▶ [EXERCISE PROMPT] Write each line out exactly, from the one containing "Fiber optic communication" through the final line of the data, and keep pictures out of the copy.

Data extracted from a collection

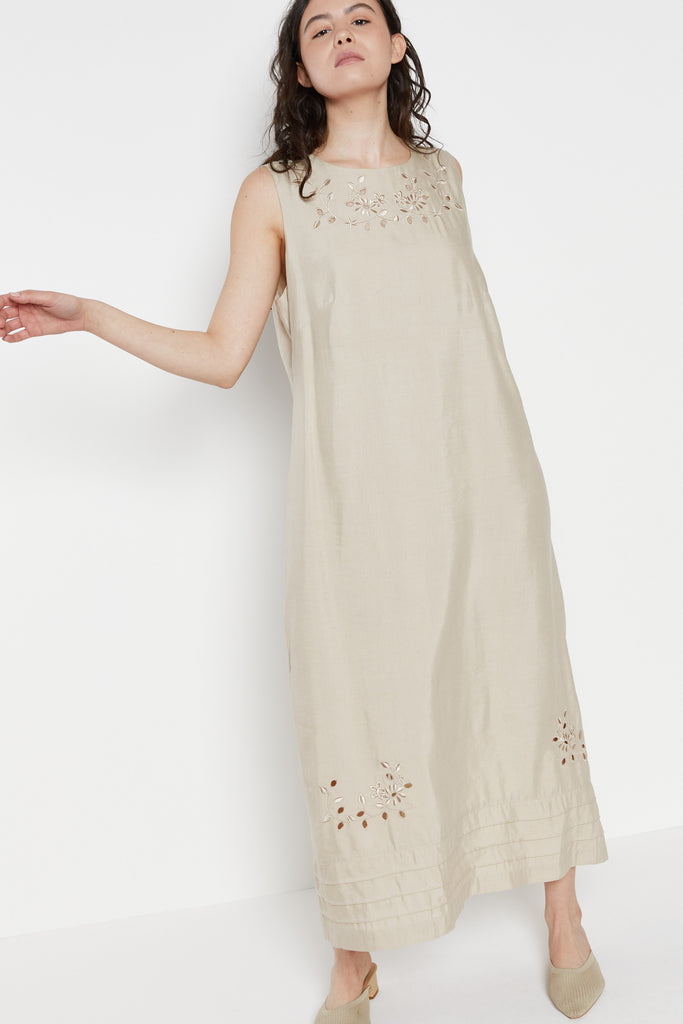 MEASUREMENTS / Shoulder - 14" Bust - 21" Waist - 21" Hips - 25" Length - 50.5" Sleeve - 3"
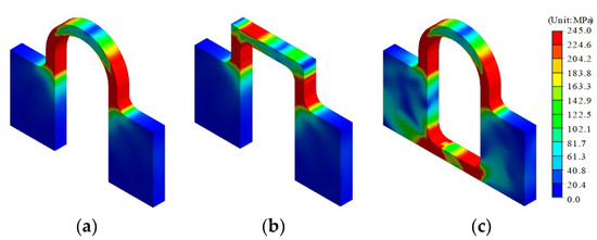 Stress distribution of steel dampers obtained from FE analysis: (a) SD1; (b) SD2; (c) SD3.
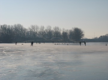 Schaatsen op de Liede, dun ijs. Foto Nel Breed.
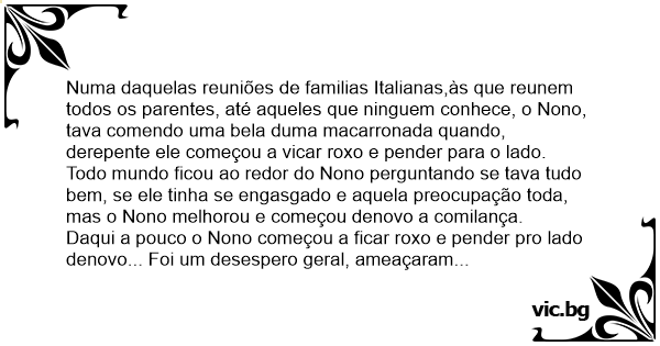 Numa daquelas reuniões de familias Italianas,às que reunem todos os parentes, até aqueles que ninguem conhece, o Nono, tava comendo uma bela duma macarronada quando, derepente ele começou a vicar roxo e pender para o lado.
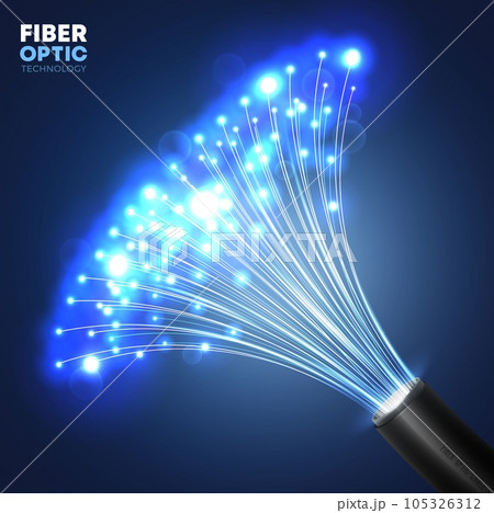 Fiber optic communication technology. Realistic vector cable with glowing bright blue light bundle of optic fibers. Telecommunication, data and Internet data transfer future tech background
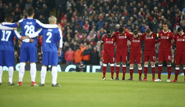 Porto, left, and Liverpool players stand, during a minute of silence for Fiorentina player Davide Astori who died Sunday, before the Champions League round of 16, second leg, soccer match between Liverpool and FC Porto at Anfield Stadium, Liverpool, England, Tuesday March 6, 2018. (AP Photo/Dave Thompson) AP Photo/Dave Thompson

▶ [ANSWER BOX]
 Fiber optic communication technology. Realistic vector cable with glowing bright blue light bundle of optic fibers. Telecommunication, data and Internet data transfer future tech background
 Porto, left, and Liverpool players stand, during a minute of silence for Fiorentina player Davide Astori who died Sunday, before the Champions League round of 16, second leg, soccer match between Liverpool and FC Porto at Anfield Stadium, Liverpool, England, Tuesday March 6, 2018. (AP Photo/Dave Thompson) AP Photo/Dave Thompson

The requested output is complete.